Risk Management: Mitigation vs. Response

To reiterate from our last post:

“It is better to mitigate a risk than attempt to survive an issue.”
(CJP Stoneman, 2010)

The purpose of mitigation with respect to proactive risk management is quite simply to undertake actions that will reduce the risk potential’s risk equivalent value (REV) which can be found through the following process:

1.    Constraint analysis: scope, time, cost, and quality (see our previous constraints mapping posts)
2.    Scoring assessment which draws its valuation from the constraints analysis
3.    Determine the risk potential’s REV which is the product of RCI * RPO (see previous post)
4.    Rank order the risks according to the organization’s or project’s prioritization profile
5.    Begin the task of mitigation planning on the highest order risks to conserve project resources

The above process provides several advantages to the project:

1.    Improvement in risk scoring assessment from the subjective to the objective,
2.    Efficient application and utilization of limited project resources, and
3.    Reducing the number of risk potentials for which mitigation planning is required.

As we have stated in prior posts, mitigation can only be applied to future events – one cannot mitigate the past or the present. In similar fashion, response can only be directed towards events that have become reality or triggered into reality. In risk management, one of the most important parameters tracked for each risk potential (in the risk register or database) is that of the risk’s triggers. These are future events associated with the risk potential that are monitored by the risk owner(s) indicating when a risk has transitioned from being an uncertain future event to an actuality or issue.

Thus, once a risk potential becomes an issue, it can no longer be mitigated as it has become reality and must now be managed to reduce its cost and burden to the project. Issues consume project resources that would otherwise be available to support the production of the project’s “fit-for-use” deliverables. This makes issue resolution a double cost to the project as it redirects funds from productive to reactive uses. In short, issues are parasitic distractions to the project’s resources and time allotments.

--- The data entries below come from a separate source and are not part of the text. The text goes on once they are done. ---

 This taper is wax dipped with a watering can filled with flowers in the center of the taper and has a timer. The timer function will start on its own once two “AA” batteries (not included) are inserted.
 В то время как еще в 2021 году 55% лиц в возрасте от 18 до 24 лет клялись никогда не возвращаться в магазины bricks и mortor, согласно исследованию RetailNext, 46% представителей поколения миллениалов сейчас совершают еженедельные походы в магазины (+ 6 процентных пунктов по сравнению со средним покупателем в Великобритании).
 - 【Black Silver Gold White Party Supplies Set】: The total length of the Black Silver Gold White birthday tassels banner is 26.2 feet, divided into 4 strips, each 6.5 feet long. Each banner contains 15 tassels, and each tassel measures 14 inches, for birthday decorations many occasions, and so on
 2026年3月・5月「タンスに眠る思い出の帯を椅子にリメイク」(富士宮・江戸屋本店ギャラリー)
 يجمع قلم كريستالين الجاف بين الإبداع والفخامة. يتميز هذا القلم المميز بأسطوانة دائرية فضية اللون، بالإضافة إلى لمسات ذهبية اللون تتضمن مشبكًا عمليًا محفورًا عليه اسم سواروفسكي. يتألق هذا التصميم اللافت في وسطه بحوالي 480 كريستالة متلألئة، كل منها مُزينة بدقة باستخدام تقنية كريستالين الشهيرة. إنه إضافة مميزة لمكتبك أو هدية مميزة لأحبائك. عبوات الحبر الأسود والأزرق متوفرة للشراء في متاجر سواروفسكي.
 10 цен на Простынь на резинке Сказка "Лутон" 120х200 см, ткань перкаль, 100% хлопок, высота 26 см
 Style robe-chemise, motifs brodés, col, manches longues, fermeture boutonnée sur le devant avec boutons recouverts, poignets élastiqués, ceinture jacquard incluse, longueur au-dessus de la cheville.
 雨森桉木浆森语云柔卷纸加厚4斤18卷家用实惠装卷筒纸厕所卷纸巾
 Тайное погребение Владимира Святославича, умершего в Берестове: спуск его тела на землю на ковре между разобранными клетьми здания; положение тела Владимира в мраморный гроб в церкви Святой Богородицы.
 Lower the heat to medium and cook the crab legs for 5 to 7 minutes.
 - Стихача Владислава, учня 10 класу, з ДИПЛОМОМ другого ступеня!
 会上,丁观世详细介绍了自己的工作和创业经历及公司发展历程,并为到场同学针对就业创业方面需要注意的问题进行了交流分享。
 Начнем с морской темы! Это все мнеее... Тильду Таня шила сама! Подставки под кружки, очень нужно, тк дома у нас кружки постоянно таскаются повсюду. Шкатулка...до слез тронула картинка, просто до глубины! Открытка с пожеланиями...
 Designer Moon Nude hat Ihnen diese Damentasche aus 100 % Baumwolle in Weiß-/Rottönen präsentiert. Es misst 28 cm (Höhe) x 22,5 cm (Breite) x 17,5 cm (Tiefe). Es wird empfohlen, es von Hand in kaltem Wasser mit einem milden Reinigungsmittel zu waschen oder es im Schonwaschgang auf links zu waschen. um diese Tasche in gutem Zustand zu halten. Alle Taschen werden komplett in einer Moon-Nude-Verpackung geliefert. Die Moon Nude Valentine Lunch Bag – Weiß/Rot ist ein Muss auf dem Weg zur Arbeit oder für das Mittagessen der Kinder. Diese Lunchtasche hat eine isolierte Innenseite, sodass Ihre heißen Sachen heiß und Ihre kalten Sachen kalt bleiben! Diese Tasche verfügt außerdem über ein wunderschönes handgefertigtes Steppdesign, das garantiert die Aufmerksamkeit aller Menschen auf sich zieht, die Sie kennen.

In closing, proactive risk management directs risk activities that seek to reduce a risk potential in both profile vectors: impact and probability (RCI and RPO). This lowers the overall REV so that if the risk does become reality through the advent of one of its triggers, the burden of the issue has been lightened through minimizing the expenditure of resources for its resolution. So as CJP Stoneman stated above, and we paraphrase, mitigation is better than resolution – it’s all about resource utilization.